• **Exercise objective**
Retype nothing but the lines from the start of the material up to and including the line with "to your space.". Pictures don't belong in the copy.
*** Material provided ***
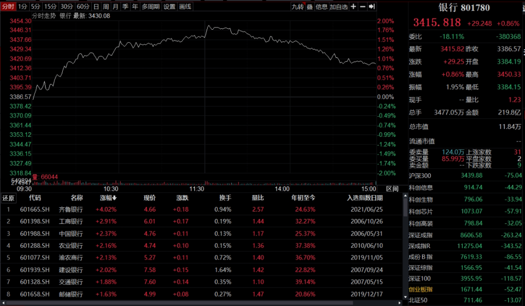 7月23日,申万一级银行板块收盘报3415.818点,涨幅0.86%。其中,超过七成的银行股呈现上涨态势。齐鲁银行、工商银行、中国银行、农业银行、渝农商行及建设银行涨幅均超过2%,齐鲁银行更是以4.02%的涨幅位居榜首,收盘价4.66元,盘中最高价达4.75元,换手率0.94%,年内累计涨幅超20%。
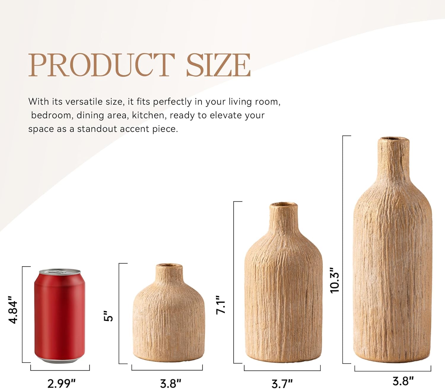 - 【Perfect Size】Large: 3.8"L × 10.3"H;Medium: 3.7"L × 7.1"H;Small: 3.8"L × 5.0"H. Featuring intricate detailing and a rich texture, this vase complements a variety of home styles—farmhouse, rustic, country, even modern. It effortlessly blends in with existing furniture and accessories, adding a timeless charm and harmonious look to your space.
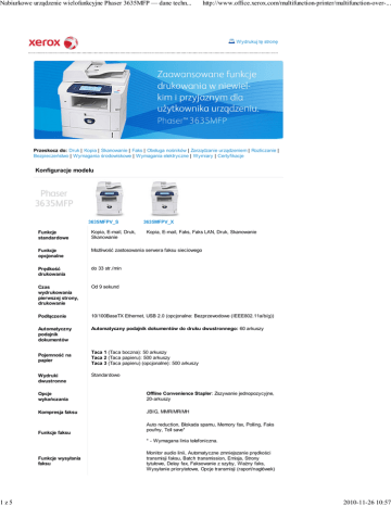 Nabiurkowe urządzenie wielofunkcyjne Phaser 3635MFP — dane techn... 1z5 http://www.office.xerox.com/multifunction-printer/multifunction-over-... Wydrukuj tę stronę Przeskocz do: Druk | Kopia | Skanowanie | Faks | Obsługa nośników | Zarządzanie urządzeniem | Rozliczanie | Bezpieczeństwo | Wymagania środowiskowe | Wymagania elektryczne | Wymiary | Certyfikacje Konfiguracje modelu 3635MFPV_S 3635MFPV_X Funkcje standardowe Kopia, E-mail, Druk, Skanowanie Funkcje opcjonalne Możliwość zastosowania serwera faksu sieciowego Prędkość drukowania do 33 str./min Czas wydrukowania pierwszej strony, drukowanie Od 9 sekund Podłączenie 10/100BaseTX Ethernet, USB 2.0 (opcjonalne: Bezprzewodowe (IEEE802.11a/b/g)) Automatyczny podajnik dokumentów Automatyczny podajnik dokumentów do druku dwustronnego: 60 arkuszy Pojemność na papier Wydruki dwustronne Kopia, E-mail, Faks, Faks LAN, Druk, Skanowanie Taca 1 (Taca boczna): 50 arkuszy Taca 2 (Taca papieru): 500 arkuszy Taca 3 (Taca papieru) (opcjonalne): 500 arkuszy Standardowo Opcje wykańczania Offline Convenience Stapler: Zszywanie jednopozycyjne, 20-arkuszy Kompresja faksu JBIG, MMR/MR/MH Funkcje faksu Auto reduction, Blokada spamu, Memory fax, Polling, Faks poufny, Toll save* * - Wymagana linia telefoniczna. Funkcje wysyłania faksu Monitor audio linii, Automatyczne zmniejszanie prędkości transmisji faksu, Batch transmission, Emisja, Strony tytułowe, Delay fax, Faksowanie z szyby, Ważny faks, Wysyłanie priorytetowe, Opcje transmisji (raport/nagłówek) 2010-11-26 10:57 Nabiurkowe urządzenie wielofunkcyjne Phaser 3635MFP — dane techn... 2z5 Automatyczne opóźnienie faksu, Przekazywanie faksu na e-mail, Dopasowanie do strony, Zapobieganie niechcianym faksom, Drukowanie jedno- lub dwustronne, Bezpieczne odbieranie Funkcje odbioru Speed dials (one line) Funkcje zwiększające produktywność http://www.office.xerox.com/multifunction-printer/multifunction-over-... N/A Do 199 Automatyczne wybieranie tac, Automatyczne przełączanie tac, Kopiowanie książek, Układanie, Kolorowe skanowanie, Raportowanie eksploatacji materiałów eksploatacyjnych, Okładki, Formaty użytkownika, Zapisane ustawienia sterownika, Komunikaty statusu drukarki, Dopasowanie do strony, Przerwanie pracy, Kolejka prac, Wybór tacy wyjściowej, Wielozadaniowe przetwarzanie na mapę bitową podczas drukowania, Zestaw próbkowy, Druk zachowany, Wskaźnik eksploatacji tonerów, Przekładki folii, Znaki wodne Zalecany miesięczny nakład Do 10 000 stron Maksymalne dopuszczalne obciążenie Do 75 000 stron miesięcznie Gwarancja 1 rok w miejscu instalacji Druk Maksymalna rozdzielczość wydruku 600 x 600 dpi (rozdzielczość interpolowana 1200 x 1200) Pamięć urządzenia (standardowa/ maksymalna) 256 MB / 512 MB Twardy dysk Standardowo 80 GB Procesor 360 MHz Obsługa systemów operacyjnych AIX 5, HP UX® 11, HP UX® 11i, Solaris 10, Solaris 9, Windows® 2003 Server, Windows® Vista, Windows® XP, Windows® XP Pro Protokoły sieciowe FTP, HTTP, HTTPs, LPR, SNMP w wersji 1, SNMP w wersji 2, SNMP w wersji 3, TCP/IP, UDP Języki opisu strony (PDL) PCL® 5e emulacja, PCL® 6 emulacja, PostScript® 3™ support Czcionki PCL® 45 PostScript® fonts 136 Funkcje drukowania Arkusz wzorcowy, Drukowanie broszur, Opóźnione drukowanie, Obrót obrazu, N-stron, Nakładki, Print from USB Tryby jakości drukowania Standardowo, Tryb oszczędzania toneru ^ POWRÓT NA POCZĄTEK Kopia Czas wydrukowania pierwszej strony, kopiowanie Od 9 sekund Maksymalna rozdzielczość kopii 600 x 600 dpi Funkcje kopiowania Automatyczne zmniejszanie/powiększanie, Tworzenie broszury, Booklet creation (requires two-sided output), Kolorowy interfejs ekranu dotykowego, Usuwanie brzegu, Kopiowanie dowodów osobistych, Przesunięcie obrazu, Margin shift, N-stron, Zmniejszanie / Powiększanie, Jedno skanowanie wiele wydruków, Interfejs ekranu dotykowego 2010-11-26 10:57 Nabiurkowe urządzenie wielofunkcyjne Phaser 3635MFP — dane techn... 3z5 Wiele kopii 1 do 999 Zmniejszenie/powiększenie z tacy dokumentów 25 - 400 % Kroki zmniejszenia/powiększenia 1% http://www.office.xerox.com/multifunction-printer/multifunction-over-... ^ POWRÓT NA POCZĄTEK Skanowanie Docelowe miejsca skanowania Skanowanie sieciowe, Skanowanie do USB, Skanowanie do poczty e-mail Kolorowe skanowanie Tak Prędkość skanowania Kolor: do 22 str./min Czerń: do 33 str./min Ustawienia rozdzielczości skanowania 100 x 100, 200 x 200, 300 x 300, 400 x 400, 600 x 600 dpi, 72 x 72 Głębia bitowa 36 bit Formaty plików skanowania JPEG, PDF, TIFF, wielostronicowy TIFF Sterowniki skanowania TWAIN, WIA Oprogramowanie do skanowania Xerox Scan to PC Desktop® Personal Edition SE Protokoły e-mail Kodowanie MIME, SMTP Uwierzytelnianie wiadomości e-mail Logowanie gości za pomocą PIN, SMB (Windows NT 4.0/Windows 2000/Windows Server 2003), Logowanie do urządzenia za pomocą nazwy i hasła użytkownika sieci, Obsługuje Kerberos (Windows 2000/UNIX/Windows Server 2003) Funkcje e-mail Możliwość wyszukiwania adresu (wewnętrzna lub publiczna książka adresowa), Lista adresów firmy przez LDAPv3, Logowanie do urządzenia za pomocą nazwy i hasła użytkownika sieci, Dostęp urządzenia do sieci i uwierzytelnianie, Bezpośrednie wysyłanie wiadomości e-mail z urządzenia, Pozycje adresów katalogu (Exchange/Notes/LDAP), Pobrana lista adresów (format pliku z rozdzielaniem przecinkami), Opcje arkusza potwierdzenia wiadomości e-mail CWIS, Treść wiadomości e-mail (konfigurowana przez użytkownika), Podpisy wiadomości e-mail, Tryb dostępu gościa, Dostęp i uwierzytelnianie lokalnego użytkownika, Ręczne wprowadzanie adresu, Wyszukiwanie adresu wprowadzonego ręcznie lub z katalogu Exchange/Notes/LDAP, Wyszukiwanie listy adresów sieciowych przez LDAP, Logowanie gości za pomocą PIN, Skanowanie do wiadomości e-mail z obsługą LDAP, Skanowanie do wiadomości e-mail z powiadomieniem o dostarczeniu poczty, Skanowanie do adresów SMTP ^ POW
***
• **Written reply**
 7月23日,申万一级银行板块收盘报3415.818点,涨幅0.86%。其中,超过七成的银行股呈现上涨态势。齐鲁银行、工商银行、中国银行、农业银行、渝农商行及建设银行涨幅均超过2%,齐鲁银行更是以4.02%的涨幅位居榜首,收盘价4.66元,盘中最高价达4.75元,换手率0.94%,年内累计涨幅超20%。
 - 【Perfect Size】Large: 3.8"L × 10.3"H;Medium: 3.7"L × 7.1"H;Small: 3.8"L × 5.0"H. Featuring intricate detailing and a rich texture, this vase complements a variety of home styles—farmhouse, rustic, country, even modern. It effortlessly blends in with existing furniture and accessories, adding a timeless charm and harmonious look to your space.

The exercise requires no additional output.